On April 23, 2024, the Federal Trade Commission (FTC) approved a new rule banning non-compete agreements in the United States. Previously, jurisdiction over the enforceability of non-compete agreements were the sole purview of the individual states. However, once the final rule goes into effect, existing noncompete agreements for the vast majority of workers will no longer be enforceable.
Non-Compete Agreements
A non-compete clause is often included in employment agreements to protect employers from the risk of an employee or a consultant starting a business that competes with the business of the employer, or of going to work for a competitor of the employer. Of course, the fear is that, armed with insider information gained during their period of employment, an employee who starts a competing business or goes to work for an existing competitor can use that information as an advantage over his or her former employer.
The validity and enforceability of non-compete agreements vary by jurisdiction, and they are subject to a heightened level of scrutiny by courts when their validity is challenged. Many state courts refuse to enforce noncompete clauses if they are too expansive in breadth or in scope.
For example, if the owner of a French restaurant asks its head chef to sign a non-compete agreement prohibiting the chef from working in any another restaurant in the state for five years after leaving the restaurant, most states would likely refuse to enforce that agreement, as it places unfair restrictions on the chef’s ability to earn a living. However, if the same agreement only restricted the chef from working for any other French restaurant located within a 30-mile radius of his current employer for a period of one year after leaving his current job, such a restriction would likely have been upheld in most state courts.
However, the FTC viewed this attempt to limit an employee’s right to work in a competing business as an unfair method of competition. This view goes as far back as 1711 and the landmark case of Mitchel v. Reynolds, which established the principle that reasonable restraints of trade are permissible and enforceable, while unreasonable restraints are not. In Mitchel, the court highlighted the vulnerability of workers to exploitation through agreements that threatened their ability to practice their trade and earn a livelihood. These concerns raised the 18th century still resonate today.
In the press release announcing the new rule, FTC Chair Lina M. Khan stated that “Noncompete clauses keep wages low, suppress new ideas, and rob the American economy of dynamism, including from the more than 8,500 new startups that would be created a year once noncompetes are banned. The FTC’s final rule… will ensure Americans have the freedom to pursue a new job, start a new business, or bring a new idea to market.”

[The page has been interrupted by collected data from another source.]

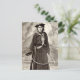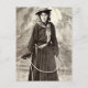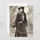 Vintages Foto einer Frau aus dem alten amerikanischen Westen. Sie ist in einem voll geschürten, langärmeligen Kleid gekleidet und trägt einen großen Schal und Hut. Sie hat einen Schussgürtel mit einer Waffe im Holster und sie hält eine Lasso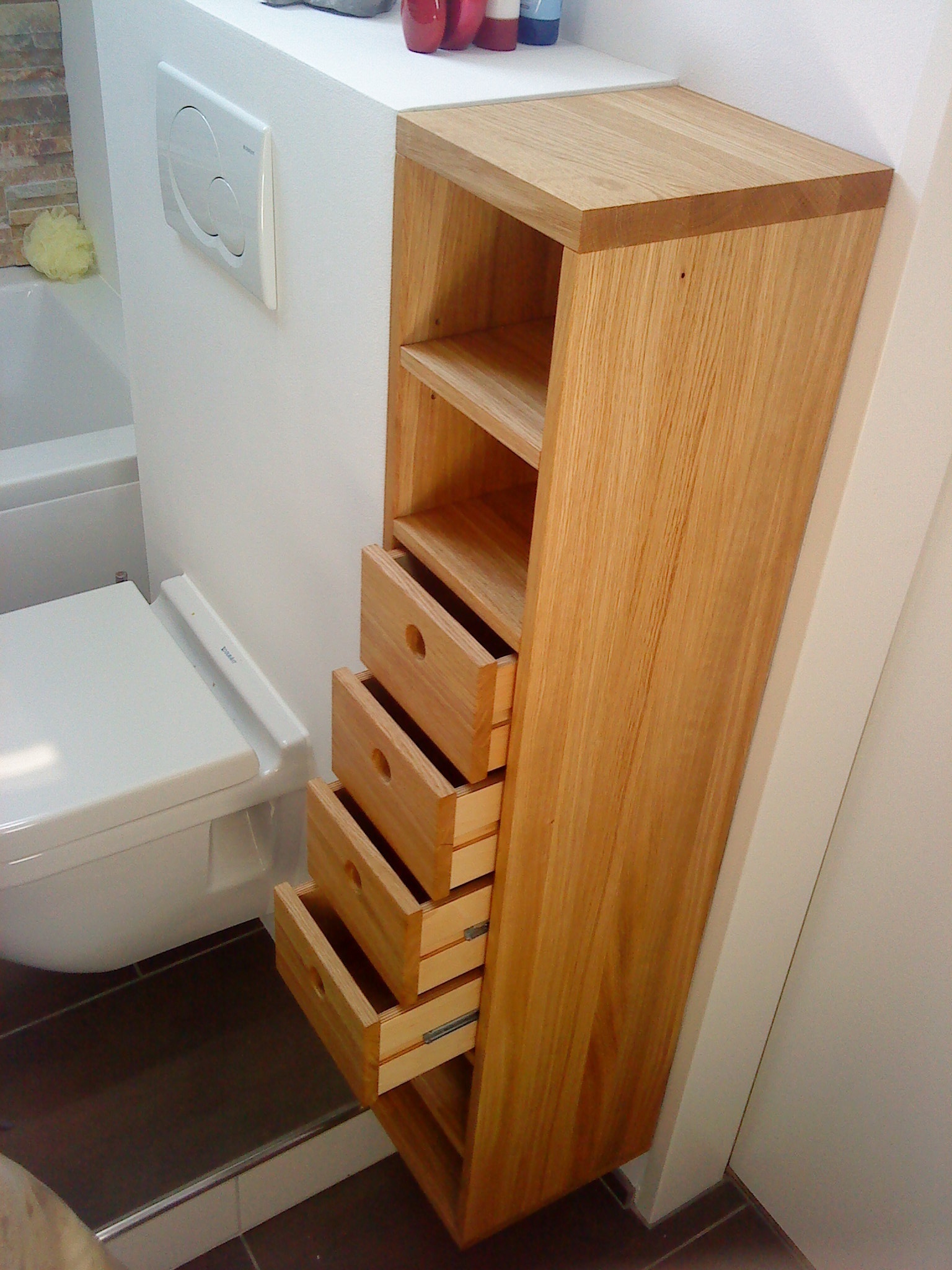 Freischwebend sitzt dieses kleine Regal im Bad. Der viele Stauraum entstehd durch die Fächer und Auszüge. Da es sich direkt neben der Toilette befindet, ist im "Notfall" die rettende Toilettenpapierrolle nur eine halbe Armlänge entfernt.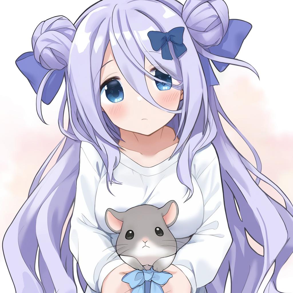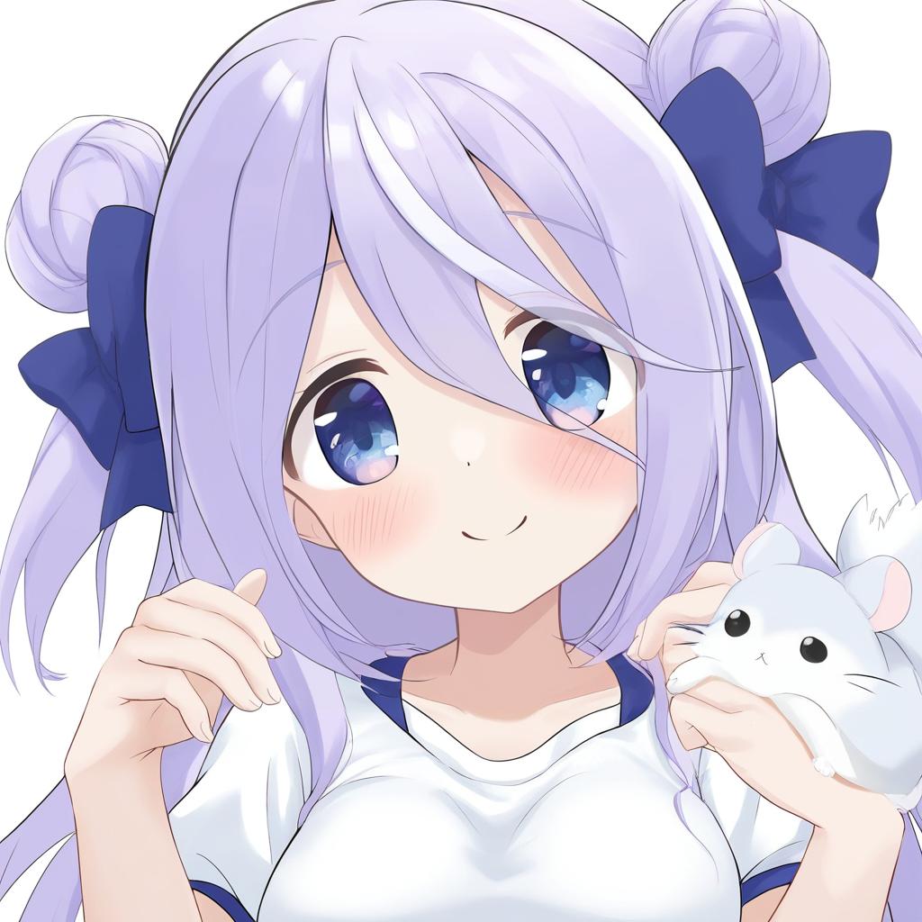 Amamiya shizuku (hizuki yayoi), original, 1girl, hair between eyes, blue eyes, purple eyes, purple hair, very long hair, blue hair, two side up, double bun, hair bow, medium breasts, collarbone, white shirt, blue bow, chinchilla (animal), animal, by artist oyatsu (mk2), leet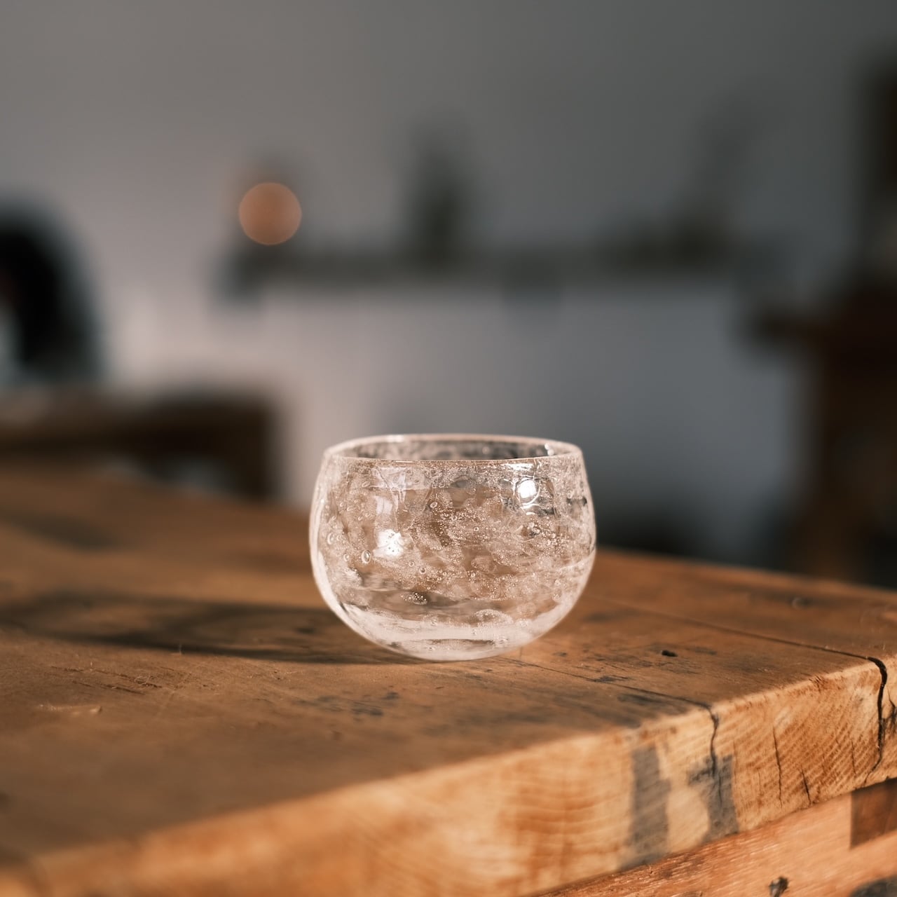 コロンと転がっていきそうな丸みが可愛いです。泡ガラスでより軽やかに。

Agreements Covered by the Rule
When it comes to existing non-compete agreements—those entered into before the effective date of the final rule—the rule’s application depends upon whether an agreement is with a senior executive or a lower-level employee. Here's a breakdown of the approach:
- For Senior Executives: Existing non-compete agreements can remain in force; the final rule doesn't address these agreements, but employers are prohibited from entering into or enforcing any new noncompete agreements with senior executives. According to the FTC, senior executives' non-compete agreements can persist because such high-level employees are less likely to experience the immediate and ongoing negative effects seen in other employees with existing non-competes.
- For Non-Executive Workers: Existing non-compete agreements will no longer be enforceable after the final rule takes effect. Employers who had lower-level employees sign agreements with non-compete clauses must inform those workers that their existing non-compete agreements are no longer enforceable. The final rule provides model language to help employers meet this notice requirement efficiently, aiming to reduce the burden of compliance.
Alternatives to a Non-Compete Agreement
As the FTC pointed out in its announcement, even after the new rule takes effect, employers can benefit from several alternative legal solutions that will enable them to protect their businesses short of a noncompete agreement, such as non-disclosure agreements (NDAs) and trade secret laws.
Predicted Outcomes
The FTC predicts that the new rule will result in substantial savings in healthcare costs, ranging from $74 to $194 billion over a decade, primarily attributable to reductions in physician expenses. The FTC also anticipates that the new rule will lead to a notable uptick in entrepreneurial activity, with a projected 2.7% increase in new firm formation, equating to over 8,500 additional businesses established annually, as well as a surge of 17,000 to 29,000 new patents over the next decade.
The FTC also believes the new rule will lead to a boost in worker earnings, with aggregate wages projected to rise by $400 to $488 billion over the next decade, translating to an average annual increase of $524 per worker.
Effective Dates
The final rule will take effect 120 days after its publication in the Federal Register. However transformative the new rule may or may not be, it is anticipated to face substantial legal challenges and may not live to see the light of day.